* Provided material *
------------------------

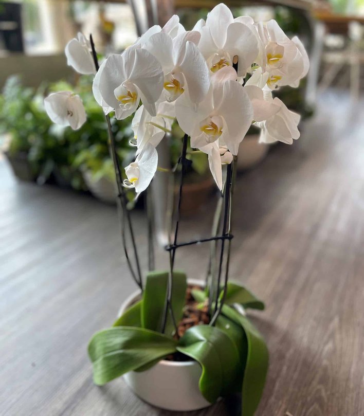 Knowing the meaning and symbolism of an orchid will help to send the message you’d like to a friend, family or loved one. The orchid has long been seen to possess grace and elegance. Given for good fortune and good luck, the orchid is also gifted as a sympathy piece to honor everlasting love. This decorative dish garden is filled with long stemmed orchids in different shades. Perfect for many occasions. Color of Orchids will vary based on availability.
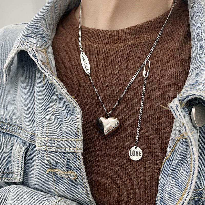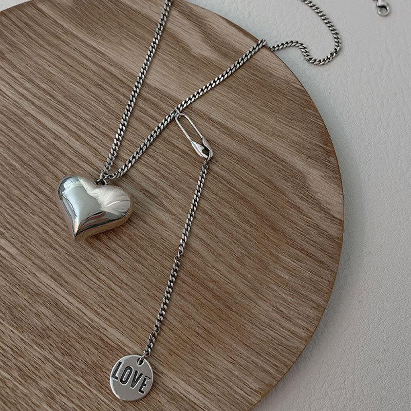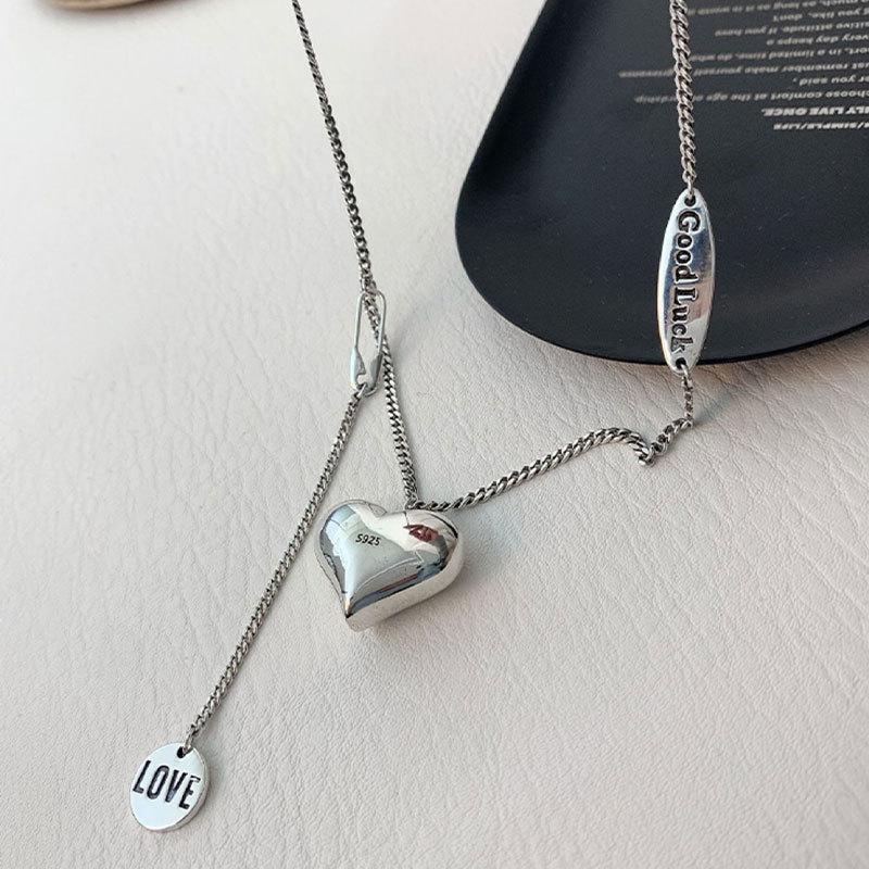 Collar con etiqueta en inglés de amor de plata esterlina 925 de estilo japonés y coreano, cadena de suéter ins para mujer, cadena de tanque exagerada con personalidad, nueva moda
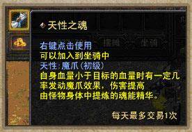 天性之魂:天性之魂可以加入到坐骑上。当玩家使用带天性的坐骑时,可以在一定几率内获得天性的加成。
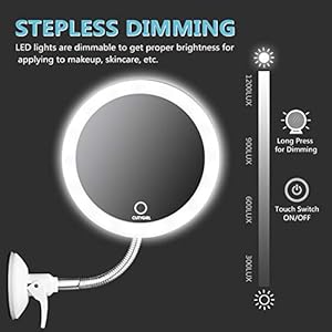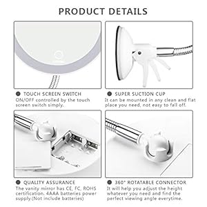 ★TOUCH SCREEN SWITCH&360 DEGREE ROTATABLE GOOSENECK DESIGN-ON/OFF controlled by the touch screen switch, long press for dimming. 360° rotatable adjustable flexible gooseneck will help you adjust the height whatever you need and find the perfect viewing angle everytime. No more need to climb to get close to the mirror.

------------------------

* Work request *
Begin with the line that contains "天性之魂:天性之魂可以加入到" and repeat every line through the end of the data, exactly and only those lines, leaving out the pictures.

* Output for this exercise *
 天性之魂:天性之魂可以加入到坐骑上。当玩家使用带天性的坐骑时,可以在一定几率内获得天性的加成。
 ★TOUCH SCREEN SWITCH&360 DEGREE ROTATABLE GOOSENECK DESIGN-ON/OFF controlled by the touch screen switch, long press for dimming. 360° rotatable adjustable flexible gooseneck will help you adjust the height whatever you need and find the perfect viewing angle everytime. No more need to climb to get close to the mirror.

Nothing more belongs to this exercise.